You can use any CI and Git server : GitOps works with any components. You can continue to use your favorite CI and Git servers, image repositories and test suites. Almost all other tools for Continuous Delivery on the market require their own CI / Git server or image storage. This may be a limiting factor in the development of cloud native. In the case of GitOps, you can use familiar tools.
Events as an integration tool : As soon as the data in Git is updated, Weave Flux (or the operator of the Weave Cloud) notifies about this runtime. Whenever Kubernetes accepts a change set, Git is updated. This provides a simple integration model for organizing workflows for GitOps, as shown below.

Conclusion

GitOps provides the essential upgrade guarantee required for any modern CI / CD tool:

automation;
convergence;
idempotency;
determinism.

This is important because it offers an exploitation model for cloud native developers.

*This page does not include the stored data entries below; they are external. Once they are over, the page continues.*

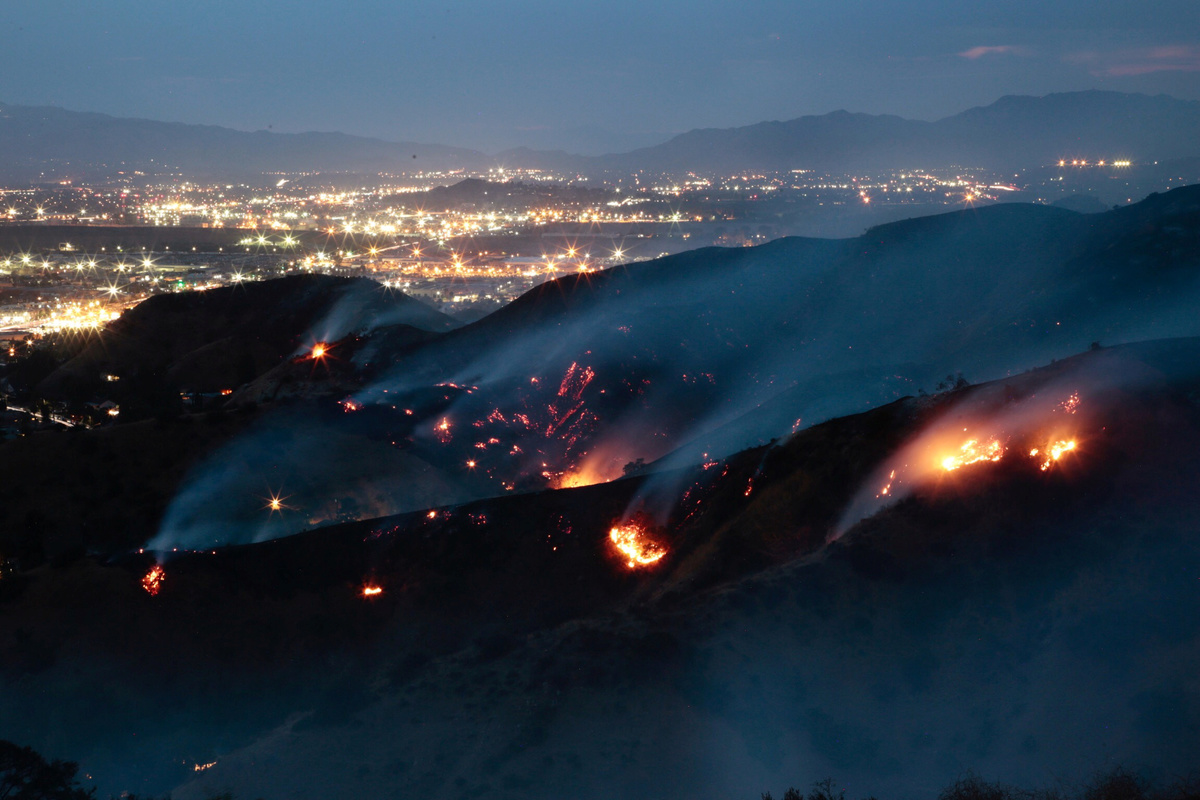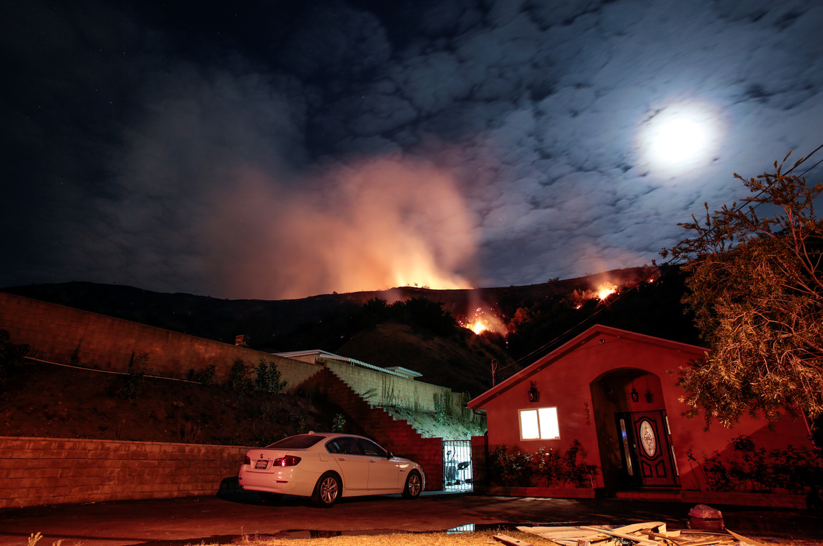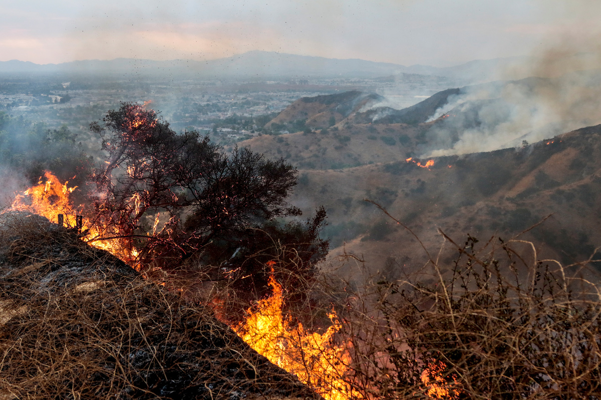 Video posted online by media showed the fire burning along the 210 Freeway when it broke out on Friday, with smoke hovering over the roadway as cars passed by flames a few dozen feet away. Officials quickly closed a stretch of the freeway.
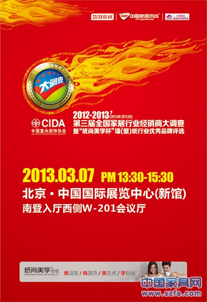 2013年3月7日下午13:30-15:30,2012-2013’第三屆全國家居行業(yè)經(jīng)銷商大調(diào)查暨“紙尚美學(xué)”杯墻(壁)紙行業(yè)優(yōu)秀品牌評(píng)選頒獎(jiǎng)典禮在北京·中國國際展覽中心(新館)W201會(huì)議廳隆重舉行,500余名墻紙經(jīng)銷商及廠家代表參加盛會(huì),中國室內(nèi)裝飾協(xié)會(huì)領(lǐng)導(dǎo)、房地產(chǎn)業(yè)協(xié)會(huì)領(lǐng)導(dǎo)出席典禮并為獲獎(jiǎng)品牌頒獎(jiǎng)。
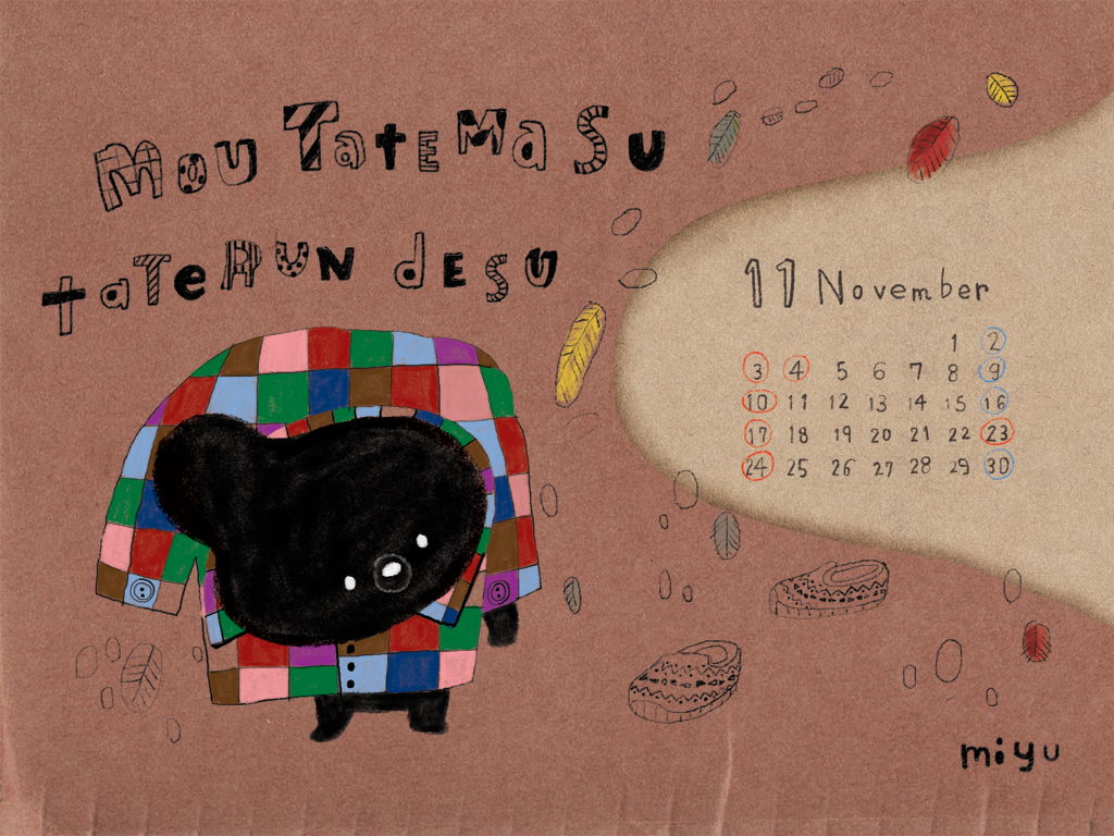 いつもありがとうございます!秋が深まってまいりましたね!まっくろくまカレンダー11月もどうぞよろしくお願いいたします。
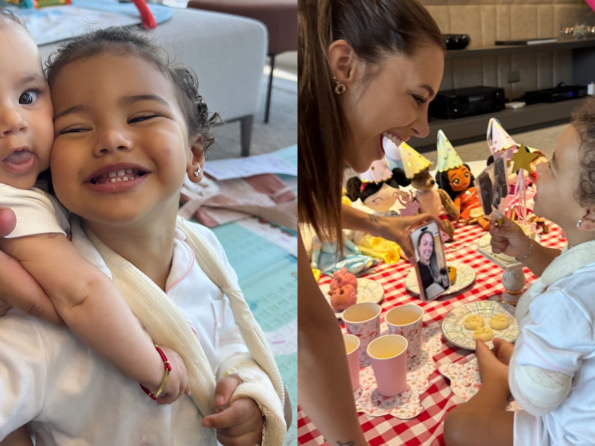 A influenciadora também mostrou momentos fofos de Mavie ao lado da irmã mais nova, Mel, de 3 meses. Nas fotos, a aniversariante está com o braço engessado, pois se machucou no dia anterior.
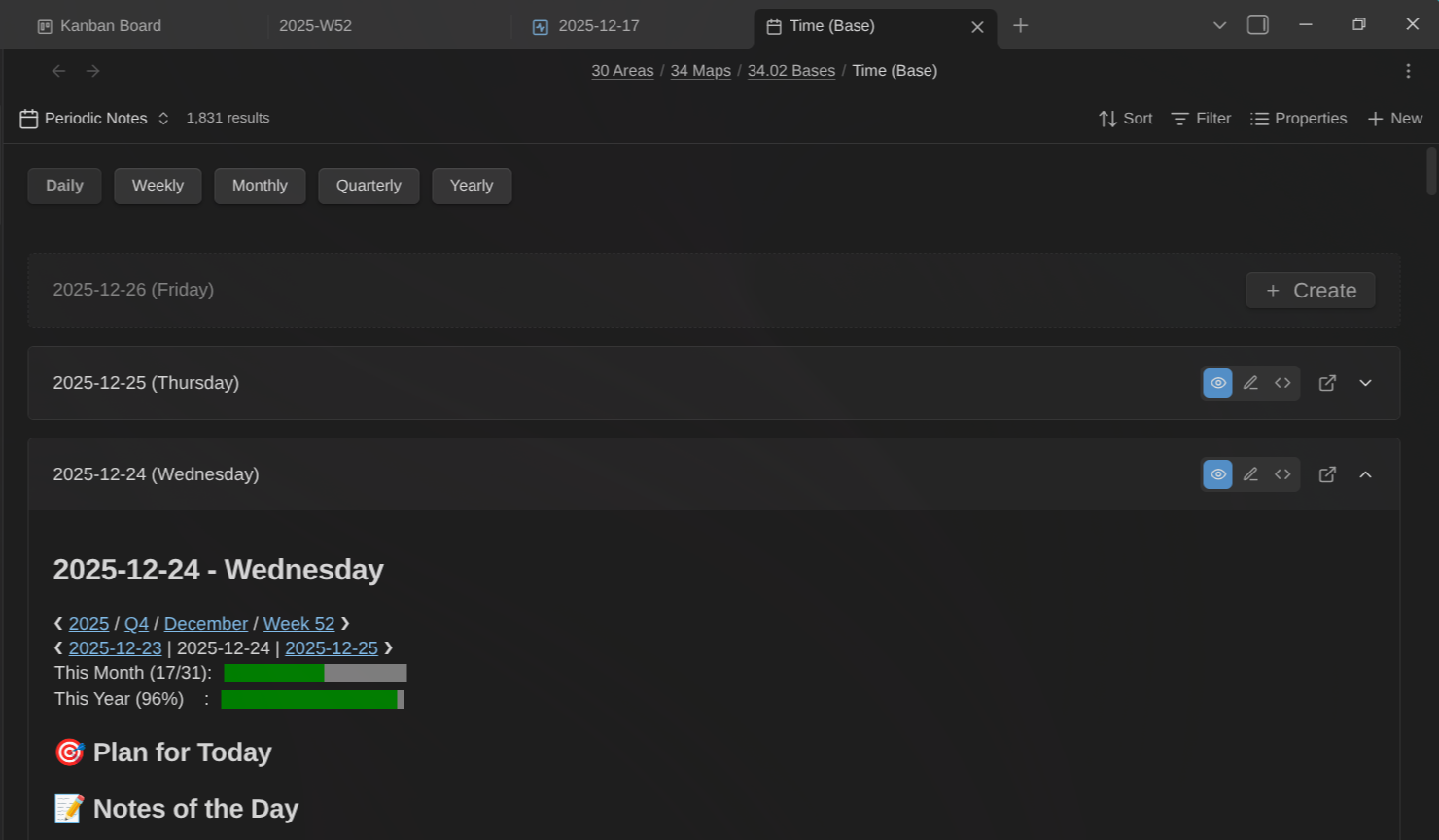 Navigate and manage your journal and periodic reviews with purpose-built Base views. This Obsidian plugin adds two custom view types for daily, weekly, monthly, quarterly, and yearly notes.
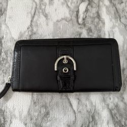COACH BLACK/SILVER LEATHER BUCKLED ZIP AROUND WALLET$35Homestead, FL

Traditional tools for managing and monitoring systems are associated with operating teams that operate within the runbook (set of routine procedures and operations - approx. Transl.) , Tied to a specific deployment.
In managing cloud native systems, monitoring tools are the best way to evaluate deployment results so that the development team can respond to them quickly.

Imagine a multitude of clusters scattered across different clouds and a multitude of services with your own teams and deployment plans. GitOps offers a scale-invariant model to manage all this abundance.